Town in the Inverclyde council area of Scotland

Port Glasgow (Port Ghlaschu, /gd/) is the second-largest town in the Inverclyde council area of Scotland. The population according to the 1991 census for Port Glasgow was 19,426 persons and in the 2001 census was 16,617 persons. The most recent census in 2011 states that the population has declined to 15,414. It is located immediately to the east of Greenock and was previously a burgh in the county of Renfrewshire.

Originally a fishing hamlet named Newark, Port Glasgow came about as a result of large ships being unable to navigate the shallow and meandering River Clyde to the centre of the city of Glasgow. Because of this, it was formed as a remote port for Glasgow in 1668 and became known as 'New Port Glasgow', which was shortened to 'Port Glasgow' in 1775. Port Glasgow was home to dry docks and shipbuilding beginning in 1780.

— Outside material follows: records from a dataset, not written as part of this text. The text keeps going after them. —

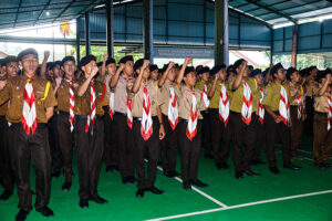 “Karena seorang pramuka itu adalah seorang ksatria, bersahaja, satunya perkataan, pikiran dan perbuatan jika disatukan akan menjadi kekuatan yang dahsyat untuk kemajuan bangsa”, tambahnya. (fhd)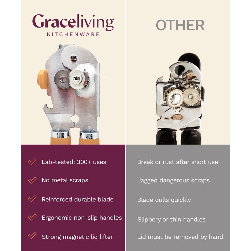 - 【Commercial‐Grade Kitchen Tool & Can Opener Manual—Lab-Tested for 300+ Uses 3× More Durable Than Standard Models】 Engineered for over 300+ uses (vs. 100 on typical models), this heavy-duty handheld can opener reduces replacements—saving you time, money, and minimizing kitchen waste. Ideal as a reliable kitchen essential tool and eco-friendly utensil.
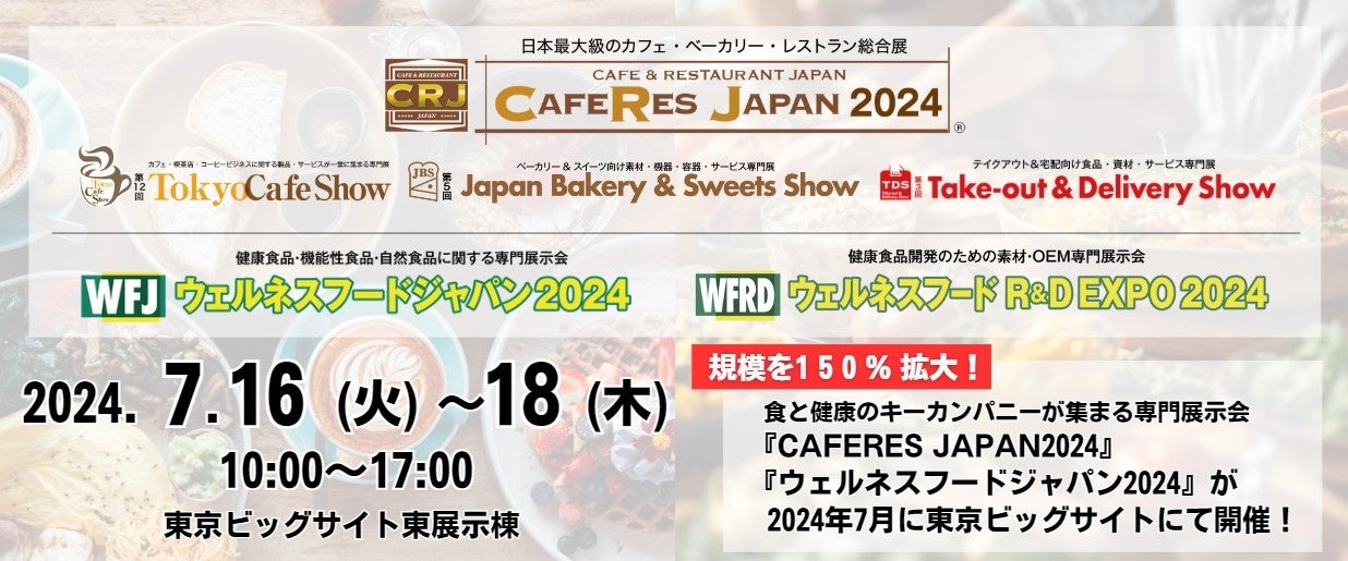 【規模を150%拡大!】食と健康のキーカンパニーが集まる専門展示会   『CAFERES JAPAN2024』『ウェルネスフードジャパン2024』が2024年7月に     東京ビッグサイトにて開催!

The town grew from the central area of the present town and thus many of the town's historic buildings and people are found here. Port Glasgow expanded up the steep hills inland to open fields where areas such as Park Farm, Boglestone, Slaemuir and Devol and Oronsay were founded. This area has subsequently become known as upper Port Glasgow and most of the town's population occupies these areas.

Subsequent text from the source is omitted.